Man bottlefeeding baby
This article, "A Father's Case Against Breast Feeding," by Chris Kornelis, was originally published by The Atlantic.
My son is amazing.
Thomas is practically reading Oh, Daddy! to me, and he's only 23 months old (almost two, for those of you without kids). He's off the charts in height, and he's well above average for weight-enough to be strong, but, you know, not an overweight child. Not Thomas.
He helps me unload the dishes. He helps my wife fold the laundry. He's even more incredible when you consider that he's accomplished all this, at such an early age, in spite of his troubled upbringing. Thomas grew up on formula, the stuff Michael Bloomberg is trying to keep away from mothers and infants in New York's hospitals.
Betsy really wanted to breastfeed. She tried. Really hard. It wasn't easy. There were problems with the "latch" and with Thomas getting enough to eat. We went to a lactation consultant, rented a pump, and were up every two hours for a hazy routine of turning on the machine, attaching the tubes, applying the supplemental nipple system, and trying to feed a crying baby. There wasn't much milk, but there were plenty of tears.
Begrudgingly, we gave up-I'm owning the "we" because it was a team effort-and bought a Costco-sized pack of Enfamil. We brought it home, shook up a batch, and noticed the comforting words placed prominently across the front of the box: "Experts agree breastfeeding is best." Thanks. We needed that. Betsy really needed it. She already thought she'd failed.
I've never seen a sticker on the outside of a box of frozen chicken nuggets that says "experts agree, feeding your child chicken that's definitely chicken and not covered in breading is best." Our pediatrician told us it was no big deal to switch to formula. Do you think he'd say the same for a steady diet of fast food?
Thomas has always been a good sleeper (he excels at everything, remember?). When he was an infant he was kind enough to go at least three hours between meals. When Betsy was breastfeeding, that meant we ONLY had to get up every couple hours to heat up the pump, and try and extract a few drops before his second midnight snack. Some friends had it much worse.
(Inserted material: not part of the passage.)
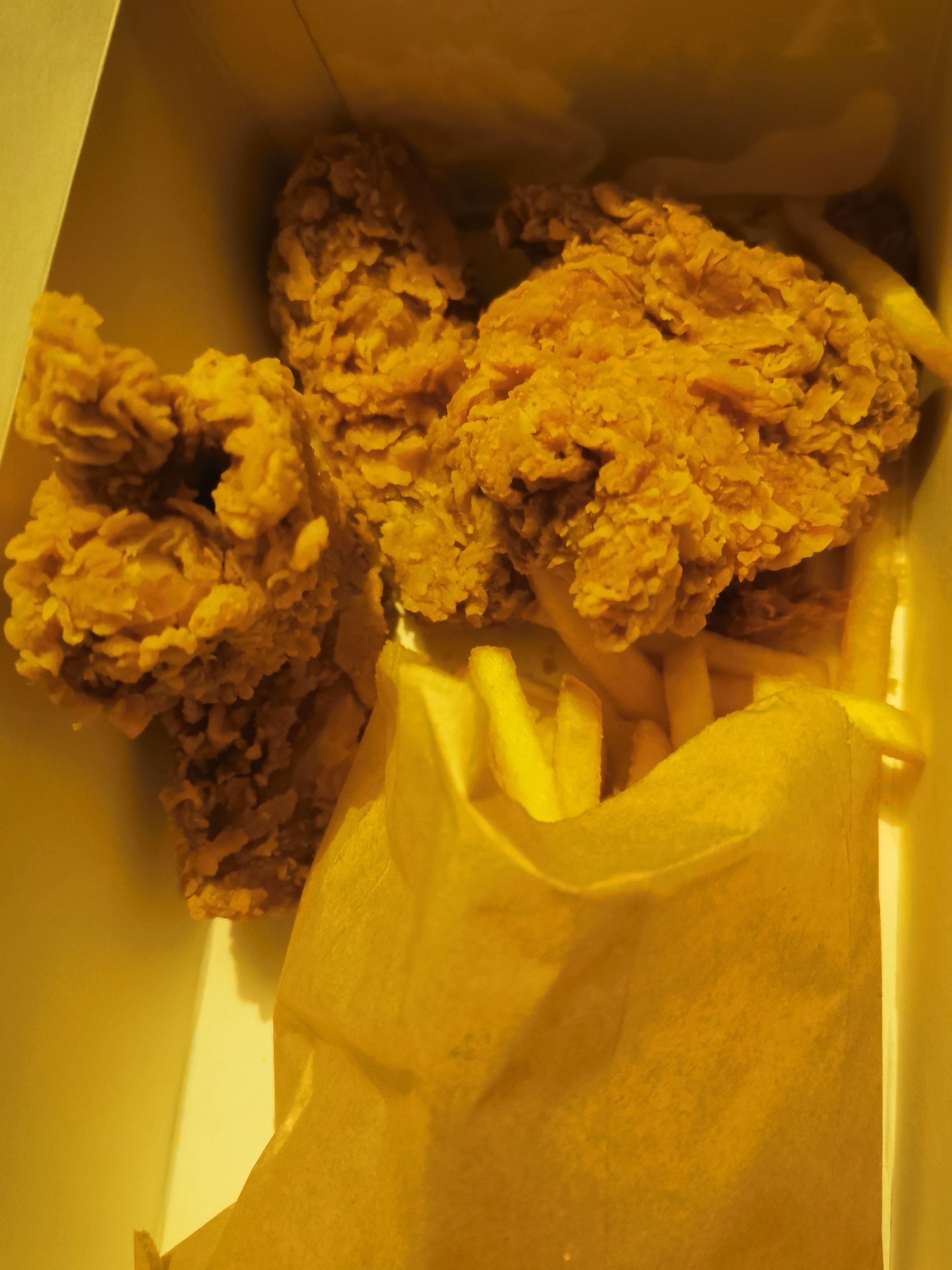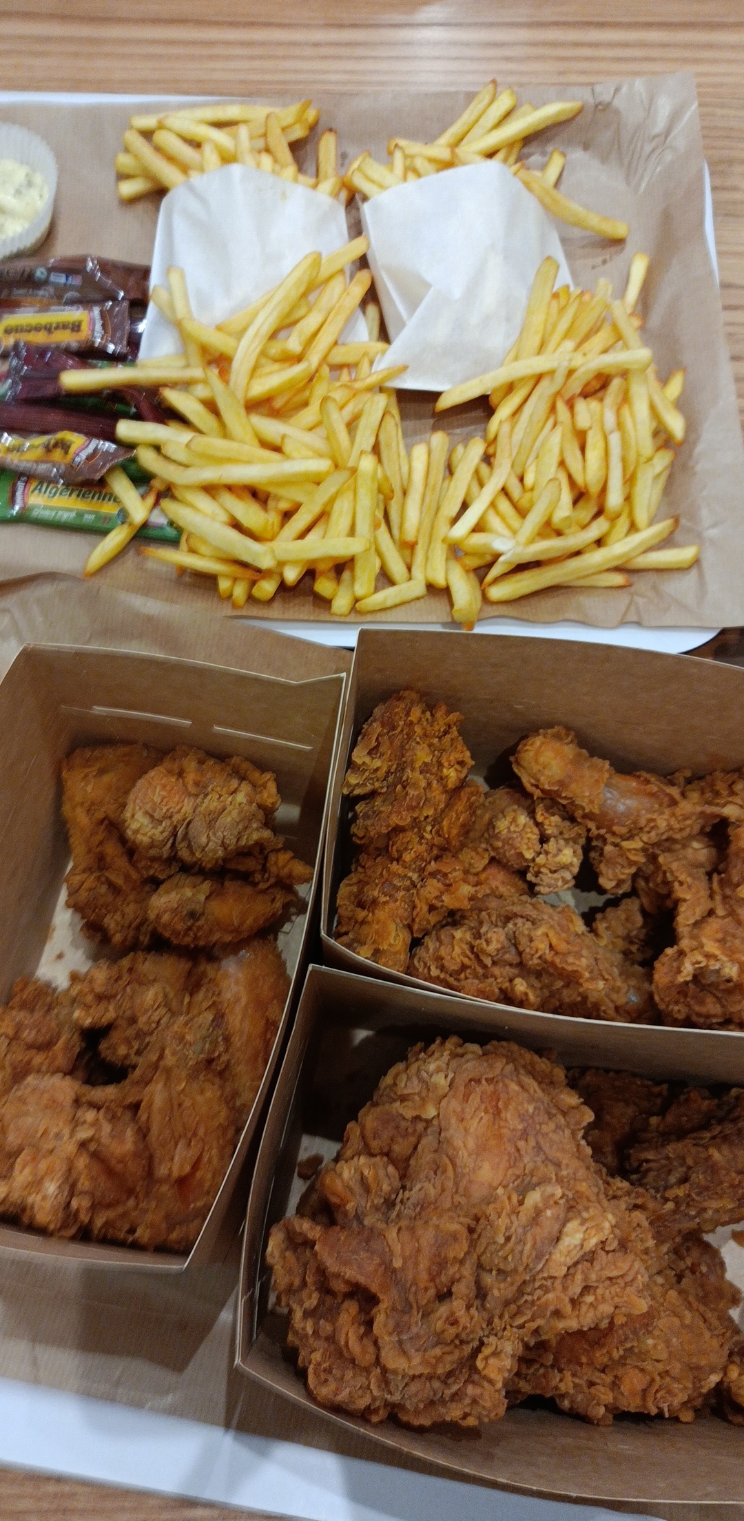 Vraiment déçu , comme quoi l’apparence est trompeuse. On a commander un sceau de poulets sauf que y’a plus de chapelure que la viande. On a du tt jeter , ensuite Avec le peu qu’on a manger on a vécu un enfers Suite à ça. Mal au ventre , forte diarrhée dû à cette alimentation je vous déconseille. Très épicé alors que c’est mentionner et très salée immangeable.

One baby in our circle needed to be fed every hour. To give her child the "ideal," his mom didn't sleep for days.
When we switched to formula, everything changed. Only one of us got up. That meant that I could get up on my own and feed Thomas while his mom went for six hours of sleep. The advantages extended beyond quality REM sleep. I got to bond with my son. I got to sing him songs and tell him stories. Those hours of father-child bonding were a good thing. I got to take him to my parents' house for the day-without worrying about having enough milk or keeping it cold-and give Betsy an afternoon to rest. Betsy and I got to go away for a long weekend-to be together, to work on our marriage, something that was not just good for us, but good for the baby, too.
Experts may agree that breastfeeding is best. But experts will also tell you that mistakes happen when people are exhausted. What's better: a baby who's formula-fed and driven to story time by a mom who's had six hours of sleep, or a parent who hasn't had that much in a week?
The American Academy of Pediatrics says breastfeeding is the "ideal method of feeding and nurturing infants." Fine. I get it. So, what's the ideal car for teenagers to drive? What's the safest? Is it the used Civic or the new Volvo? Why is it that when it comes to being pregnant and raising babies there's no middle ground between "ideal" and shaken baby syndrome? Do divorce counselors guilt parents into staying together because it's "the ideal way to raise children"? I sure hope not.
Not long before his daughter was born, a friend of mine who doesn't live with his baby's mother told me that he didn't want to settle for making the best of the situation. He wanted to find the advantages that his daughter would have growing up with parents and families in two different homes. How refreshing. That's a line of thinking can be brilliantly extended to the formula debate.
Unfortunately, there isn't much debate to speak of. There's discussion of what medical professionals believe is the ideal-a group, it must be said, that changes its rigid positions, and once insisted that all babies sleep on their bellies, anathema to today's prescribed wisdom-and anxious parents trying to check every box on the list. I'm not seeing the kind of judgment from my peers that Hanna Rosin experienced (and wrote about at length in "The Case Against Breastfeeding" in The Atlantic in 2009). I'm seeing exhausted parents who are told there's only one right way.
What's missing in the conversation is perspective. Instead of focusing solely on the "ideal" way to feed a baby, people should be talking about the healthiest option for the family. That's in the best interest of the child.